* _Dataset extract_:
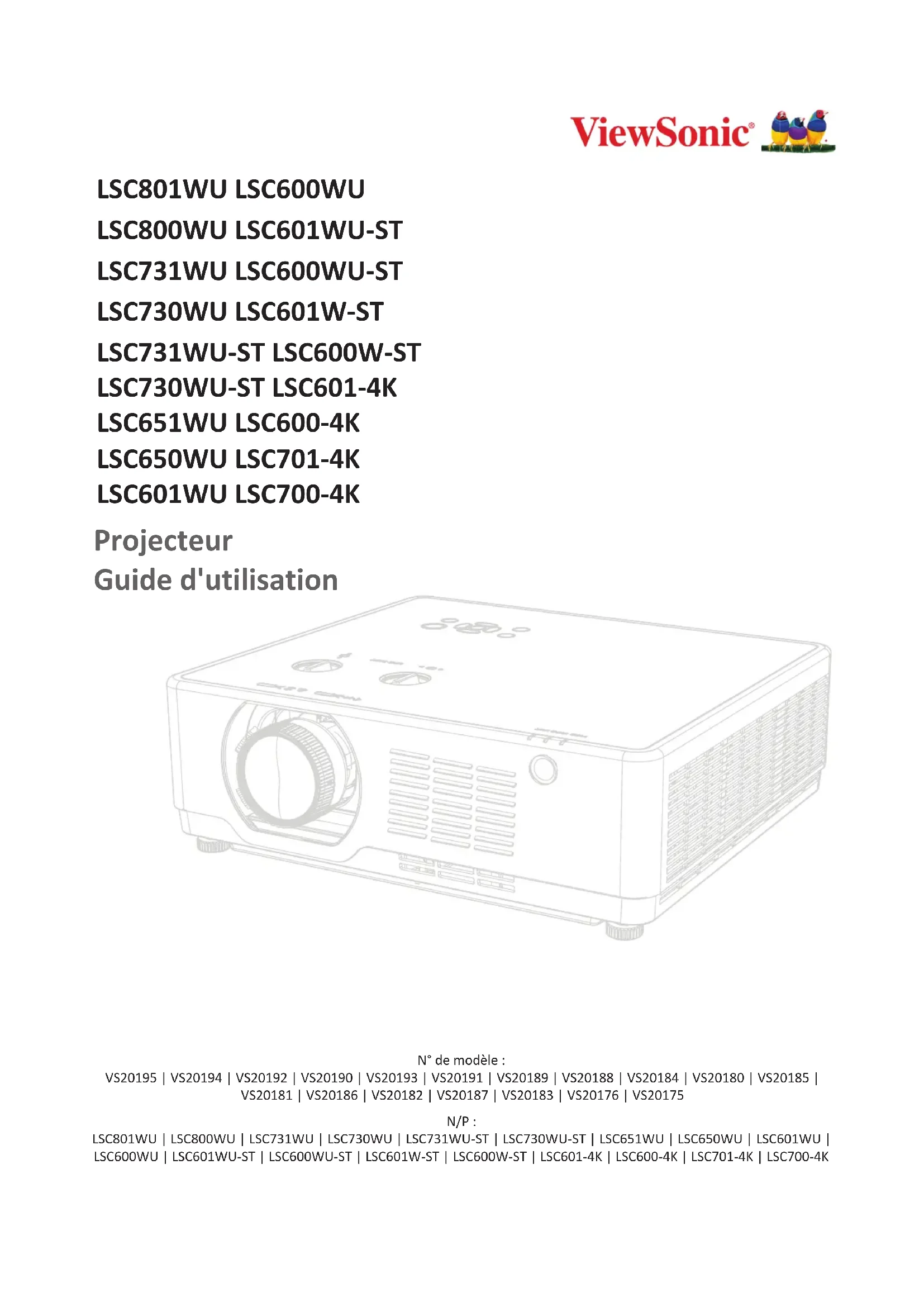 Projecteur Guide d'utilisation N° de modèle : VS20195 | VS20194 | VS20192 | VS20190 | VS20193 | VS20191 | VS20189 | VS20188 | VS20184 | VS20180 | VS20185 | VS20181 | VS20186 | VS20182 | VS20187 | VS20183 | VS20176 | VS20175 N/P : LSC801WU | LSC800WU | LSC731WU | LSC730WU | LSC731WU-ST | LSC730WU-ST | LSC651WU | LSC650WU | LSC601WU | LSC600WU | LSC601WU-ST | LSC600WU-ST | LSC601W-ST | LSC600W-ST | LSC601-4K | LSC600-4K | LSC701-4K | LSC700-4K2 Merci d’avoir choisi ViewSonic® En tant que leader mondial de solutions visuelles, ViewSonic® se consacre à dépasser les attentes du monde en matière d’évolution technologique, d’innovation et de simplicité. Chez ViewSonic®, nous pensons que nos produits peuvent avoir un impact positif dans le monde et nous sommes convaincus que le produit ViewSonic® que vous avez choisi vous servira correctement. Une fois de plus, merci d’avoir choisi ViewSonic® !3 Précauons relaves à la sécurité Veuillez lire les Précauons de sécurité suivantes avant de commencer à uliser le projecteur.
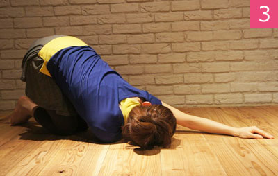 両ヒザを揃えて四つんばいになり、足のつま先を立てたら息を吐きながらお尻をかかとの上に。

* * *

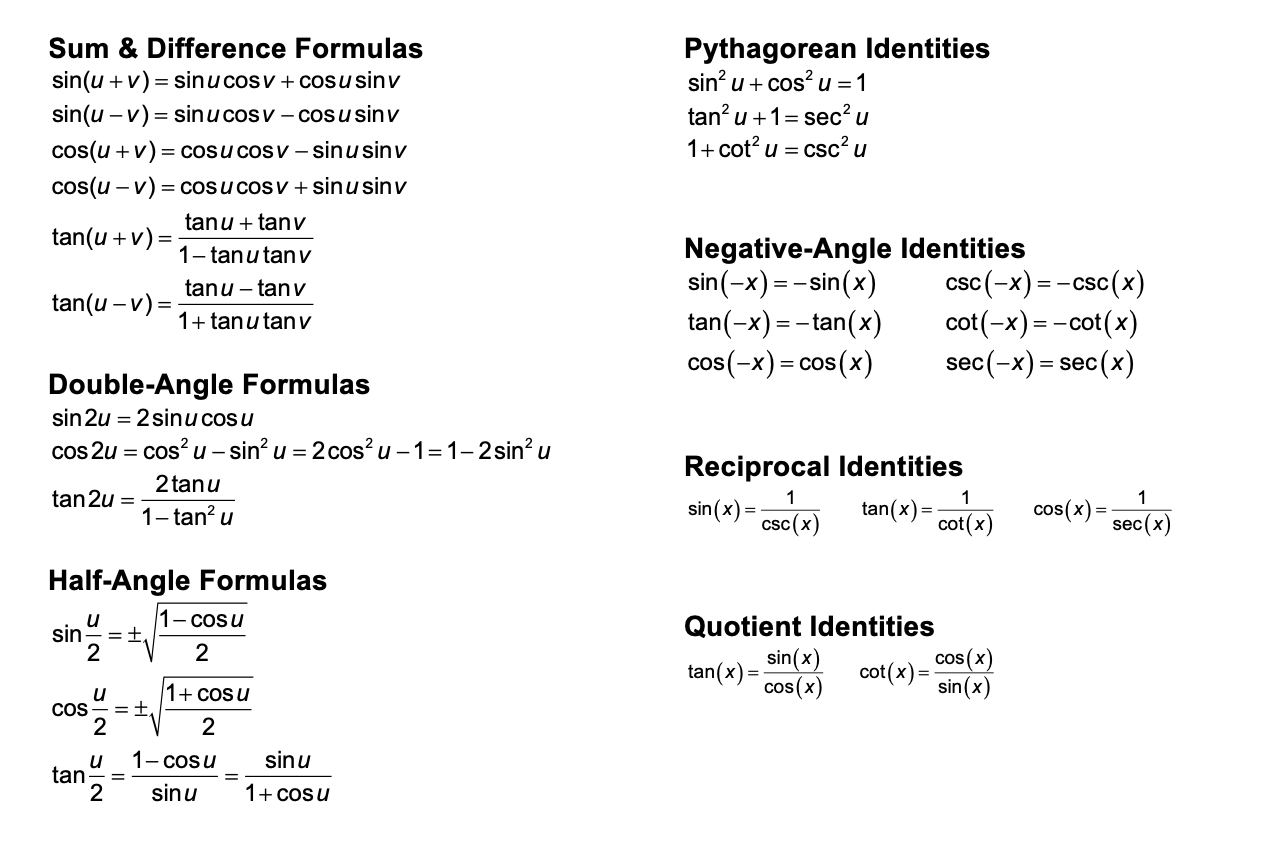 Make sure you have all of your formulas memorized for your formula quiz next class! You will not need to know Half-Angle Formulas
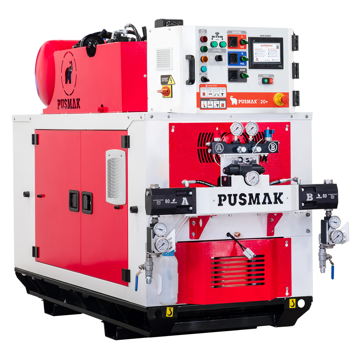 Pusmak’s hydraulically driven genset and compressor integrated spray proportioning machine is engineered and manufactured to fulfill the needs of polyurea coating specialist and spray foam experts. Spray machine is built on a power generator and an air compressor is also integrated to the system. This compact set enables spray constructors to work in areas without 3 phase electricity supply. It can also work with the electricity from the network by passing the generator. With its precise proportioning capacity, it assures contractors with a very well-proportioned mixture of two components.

* * *

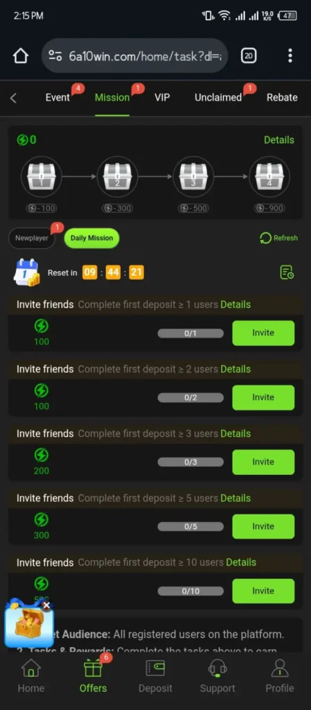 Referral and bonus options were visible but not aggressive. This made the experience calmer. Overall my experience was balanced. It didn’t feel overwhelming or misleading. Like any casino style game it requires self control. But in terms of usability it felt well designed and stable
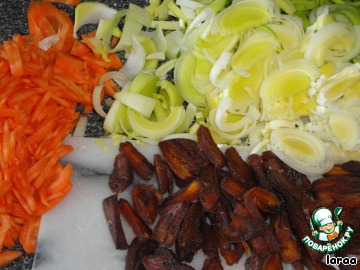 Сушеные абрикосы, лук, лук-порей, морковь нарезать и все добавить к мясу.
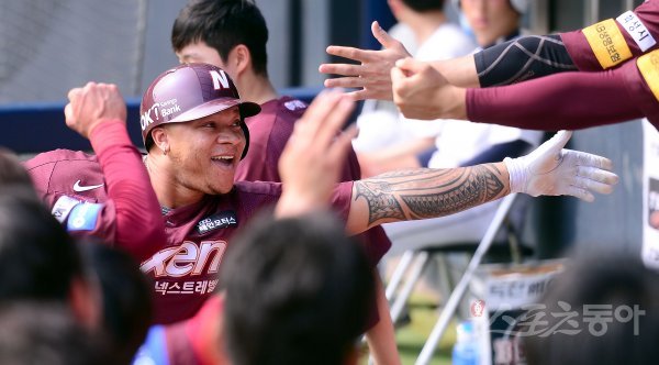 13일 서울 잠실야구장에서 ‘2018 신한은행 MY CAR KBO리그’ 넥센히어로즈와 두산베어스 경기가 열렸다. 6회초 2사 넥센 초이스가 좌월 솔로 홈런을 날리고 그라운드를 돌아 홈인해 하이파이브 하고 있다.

* _What is being asked_: What lines above run from the one with "Make sure you" to the one with "Pusmak’s hydraulically driven"? Give them again exactly, ends included, and leave the pictures out.

* _Solution_:
 Make sure you have all of your formulas memorized for your formula quiz next class! You will not need to know Half-Angle Formulas
 Pusmak’s hydraulically driven genset and compressor integrated spray proportioning machine is engineered and manufactured to fulfill the needs of polyurea coating specialist and spray foam experts. Spray machine is built on a power generator and an air compressor is also integrated to the system. This compact set enables spray constructors to work in areas without 3 phase electricity supply. It can also work with the electricity from the network by passing the generator. With its precise proportioning capacity, it assures contractors with a very well-proportioned mixture of two components.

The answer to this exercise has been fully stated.